Compared to Luxembourg in 30th place with 9.8% dependency on AS 6661, Monaco has an index of 66% (AS 6758), which is peculiar for a country of such wealth and geography.

IPv4 Reliability On The World Map

The Asian ISP market experienced significant changes during the past two years

Singapore’s improvement in reliability is explained by its position among the Asia’s tigers — the fastest growing economies of the region. The competition is fierce at the top of the reliability list where positions are lost based on single digit percentage changes. Hong Kong and Singapore exchanged places based on an index change of just 2%

According to independent observers we surveyed, Singtel’s position in Singapore is weakening. Last year the most important AS belonged to StarHub, a Singapore broadband provider. In 2018 the main Singapore AS is SingNet’s 3758 (a SingTel broadband subsidiary). We were told that SingTel is undergoing capital shortfalls lately as their business within Singapore isn’t growing (which could be further verified by looking at the stock dynamics for the last two years). SingTel’s difficulties are worsened by the integration process with the Philippines’ ISP Globe — this is probably one more reason SingNet lost customers, thus losing market share and real connections. These events combined to dramatically decentralize the Singapore ISP market, which lead to a jump of 18 places to find itself in 5th place for the current year.

Speaking of the Globe ISP, which owns the AS 4775, last year it was the leading AS for the Philippines, but in 2018 we see that AS 9299 has surpassed it. AS 9299 belongs to PLDT, which is reportedly becoming increasingly aggressive on the Philippine market. In addition, the region’s position is rebounding. The Philippines fell from 20th place in the reliability rating at the end of 2016 to 31st place in 2017 and is now 27th. Clearly, competition is a good thing when speaking about internet reliability in any region. However, we should not forget that Globe represents SingTel and PLDT is an NTT entity in the Philippines.

Hong Kong’s loss in the reliability rating might be tied to PCCW activity in the region. Local observers report that PCCW entered the market aggressively in 2018, gaining market share and active customers in the city.

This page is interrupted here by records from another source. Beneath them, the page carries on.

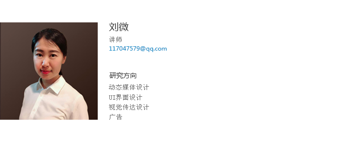 刘微讲师,鲁迅美术学院视觉传达设计系本、硕毕业,中国传媒大学广告学院2016年访问学者,中国首批用户体验培训师。天行注册建筑与艺术设计学院,讲师,“艺术设计创新创业实践班”负责人。天行注册2014年校优秀毕业设计指导教师,2015年度校教学质量优秀奖,2016年度校优秀教师。在《教育与职业》、《艺术教育》等期刊发表教育研究论文多篇,指导学生发表论文数篇。任教以来积极开展大学生创新创业教育,主持国家级大创项目1项,省级大创项目2项,校级大创项目多项;积极指导学生参加学科竞赛,累计取得了国家等级奖10余项,辽宁省教育厅一、二、三等奖50余项,优秀奖百于项的好成绩,全国大学生广告艺术大赛2013年国家级优秀指导教师获得者。出版大学生创新创业教材一部,《动态构成实训教程》,编著。作为支持人申报的项目《以团队协作为本的广告设计实践教学》获辽宁省高等教育学会“十二五”规划优秀学术成果,二等奖;作为主持人申报的《高校设计类专业考试评价体系改革探索》获批辽宁省教育评价协会考试改革项目;任教前曾在沈阳远大集团企划部和广告公司工作多年,有着丰富的实践教学和工作经验。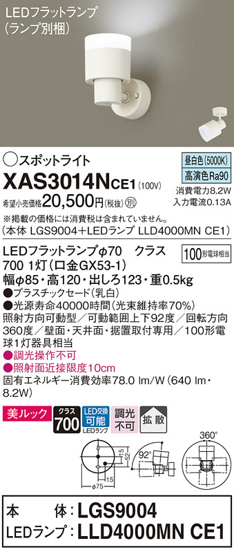 Panasonic ¥¹¥Ý¥Ã¥È¥é¥¤¥È XAS3014NCE1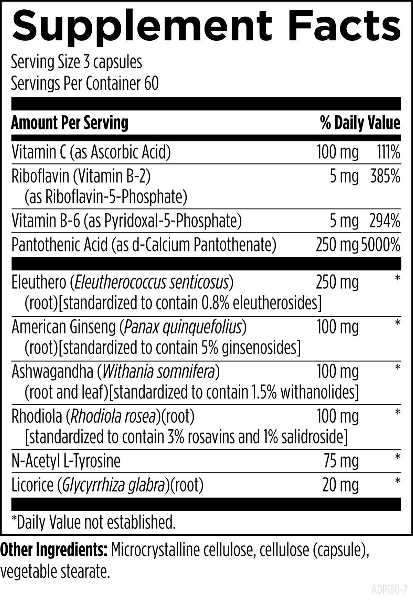 Adrenotone™ - это комбинация стандартизированных адаптогенных трав и питательных веществ, которые, как известно, способствуют омоложению надпочечников. Этот продукт разработан для поддержки здорового метаболизма кортизола, функции гипоталамуса и гипофиза (ось HPTA), а также выработки катехоламинов (дофамина, норэпинефрина и эпинефрина).*Рекомендуемое применение: Принимайте 3 капсулы в день во время еды или по указанию вашего лечащего врача. (Рекомендуется раздельное употребление): Проконсультируйтесь с вашим лечащим врачом перед применением, если вы беременны или кормите грудью, если у вас гипертония или диабет, или если у вас были заболевания почек или печени. Прекратите использование и проконсультируйтесь с вашим лечащим врачом, если вы испытываете бессонницу, головную боль или учащенное сердцебиение.* Эти заявления не были оценены Управлением по контролю качества пищевых продуктов и лекарственных средств. Данный продукт не предназначен для диагностики, лечения, излечения или профилактики каких-либо заболеваний.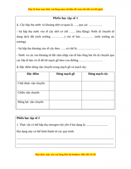 1. Cây hấp thụ nước và khoáng nhờ cơ quan là …., qua các …………..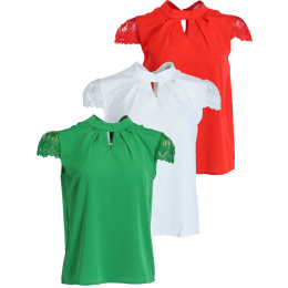 Dámská elegantní halenka s krátkým rukávem ,příjemný a vzdušný materiál, od francouzské značky Chic et Jeune Dovezeno z Francie . Velikosti a rozměry: 36,38,40,42,44,. Složení materiálu: bavlna 52% ,elastan 8% ,polyester 40% .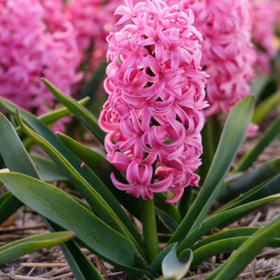 Hyacinthus orientalis Early to mid-spring blooms. Bold pink flowers for gardens and forcing indoors.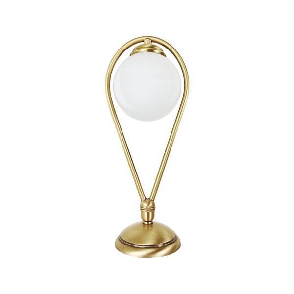 Tischleuchte Glas Messing massiv 38 cm hoch in Bronze hell Weiß E14 Kugelschirm Jugendstil Tischlampe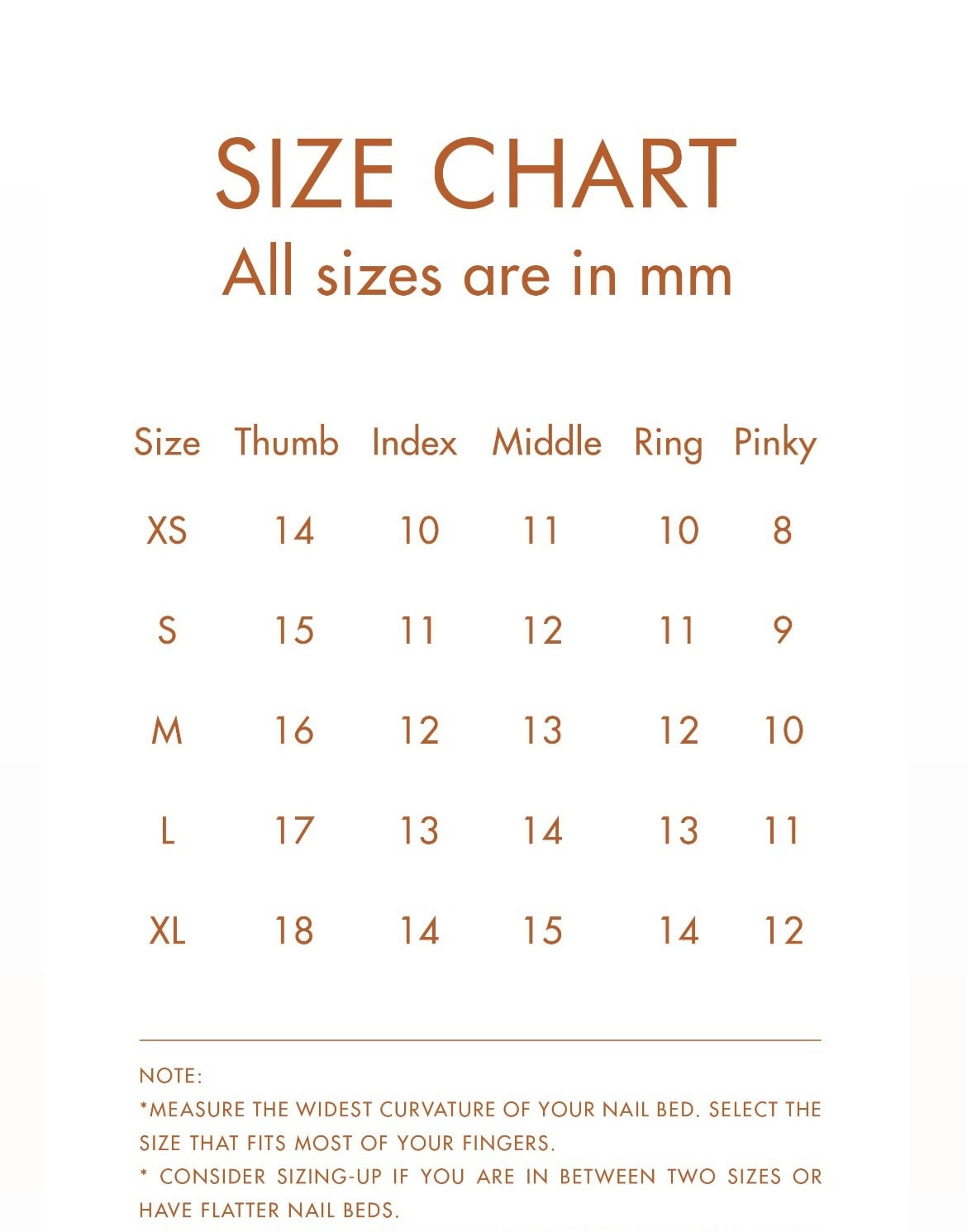 The kit includesĀ set of 10 customized gel based presson nails, liquid glue, gel tabs, buffer, cuticle pusher, alcohol wipe and the instruction card š§”

Last year the main Hong Kong AS belonged to Level3 (AS 3356). With the CenturyLink merger at the end of 2017, Level3 saw its position in Asia change to representing a larger entity, but becoming less stable from the regional perspective.


With the growth of cybersecurity risks and continuous news of attacks on internet infrastructure, it is time for governments, private and public companies, as well as ordinary users to carefully consider their positions. Regional risks need to be studied carefully and honestly by analyzing the true risk and reliability levels. The failover rate could actually be enough to cause real trouble with availability from a massive attack on a big, nation-wide mission-critical service provider, such as the DNS service. Do not forget that the outer world would also be separated from the services and data located within the troubled region in the event of total loss of access.

Our survey clearly shows that ISP markets that are built upon competition develop, in the end, to become much more stable and failure-resistant, in regards to risks from within or outside the surrounding region. Without a competitive market, a single AS failure could lead to network loss for a significant portion of users from a country or even a broader region.